In the post-GDPR world,

it seems that every online interaction comes packaged with constant reminders of data tracking. For the first time in the digital age, our data can be experienced with the most rudimentary digital verbs: VIEW your data, DOWNLOAD your data, DELETE your data. Previously taken in secret, data now comes hand in hand with consent; but have we become any more in control of our digital footprint? Is it our awareness, our potential for intervention, or is it our passive consent which gives us this shaky semblance of control?

I propose a pair of tools which seek to define a framework for understanding ourselves through our data.

The Tracker

records a user’s mouse and in-use application. In doing so, the Tracker tracks gesture, space, and time and creates three opposing visual representations of a user's computer usage. First, it produces graphs which illuminate paths and hotspots; these visualizations allow a user to query, segment, and animate their data. Second, it produces maps which distribute data across quadrants and can be scaled relatively or to show the maximum at each point. Third, it produces a readable pair of lists (in text and in color) which highlight the texture created by inflection points where a user switches between applications.

The Tracer

extracts Exif metadata from images, specifically their coordinates and timestamps and creates two three opposing visual representations of a user's movement through physical space. In doing so, the Tracer draws paths which illustrate alternative geometries. Rather than mapping this data to specific locations for the purpose of surveillance and tracking, the Tracer considers coordinates abstractly. First, it produces unsorted paths drawn in the order which the Tracer read the image files—these paths are unpredictable in shape and difficult to trace. Second, it produces sorted paths rendered in the order which the images were taken, resulting in traceable, logical paths. Third, it produces overlaid paths which combine both sorted and unsorted paths of the same image sets.

That is all to say,

devoid of context, it is unclear if this data serves a "function". But when we ask questions of "function" and "purpose", it becomes obvious how unfamiliar our data is, despite having always been in our peripheries. Defamiliarization is the Tracer's primary goal, and it does so by interpreting our physical experiences in digital contexts. By highlighting the data embedded in our visual artifacts, it serves as a method of reorganization.

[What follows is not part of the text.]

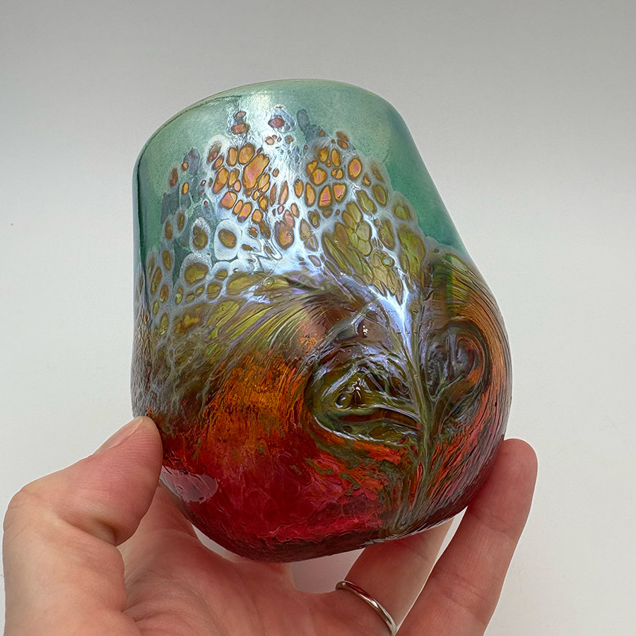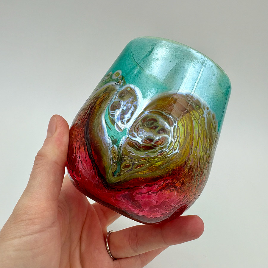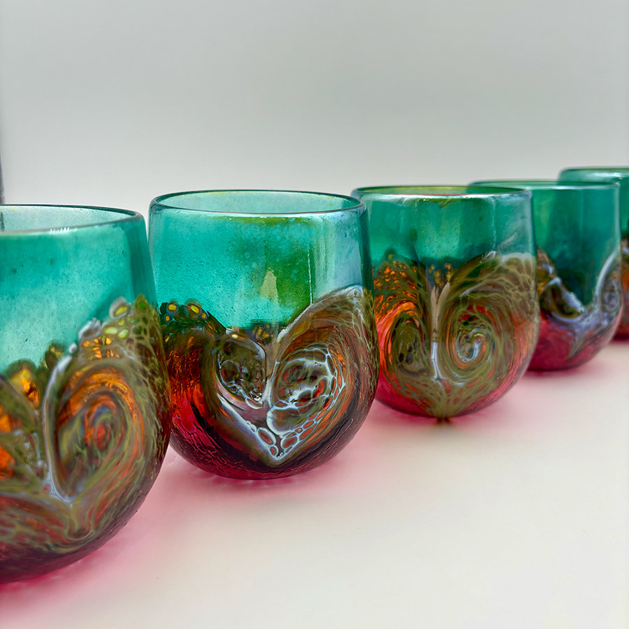 Each unique glass is lovingly made by hand, and therefore, may exhibit subtle variations in height, width, and color, adding to their artisanal charm. They are signed and dated.

This data, similar to mouse coordinates, exists like radio static in the background of our digital environments. The Tracker—by centering the minutia and creating mass amounts of it—seeks to reverse the conversation, serving as a platform for reflection, commentary, and retort. The estranged images we're left with are untraceable maps between windows, images, and points of interest.

Rather than tracking tasks and analyzing trends for the purpose of creating a sellable product, these tools only make us more aware of ourselves. They reduce all interactions to data, but in the end, it must be asked if through this process of data collection, if we've actually gained anything at all. And how can we claim that this data is personal when we've never before seen it, and certainly don't recognize it?

Why do we need a computer to perform these tasks for us, anyway? Could humans not pay attention to these pieces of data, ourselves? Maybe most crucially, have we ever thought to ask if any of this is fun or arousing? That is, do we like our data and what it allows us to see, feel, and believe?

Who defines digital behavior, and what differentiates it from our physical behavior? How are we learning to develop technological biases? And as we socially distance and learn to be hyper-aware of how we move through public, physical spaces, how are we (re-)learning to move through our private, digital spaces?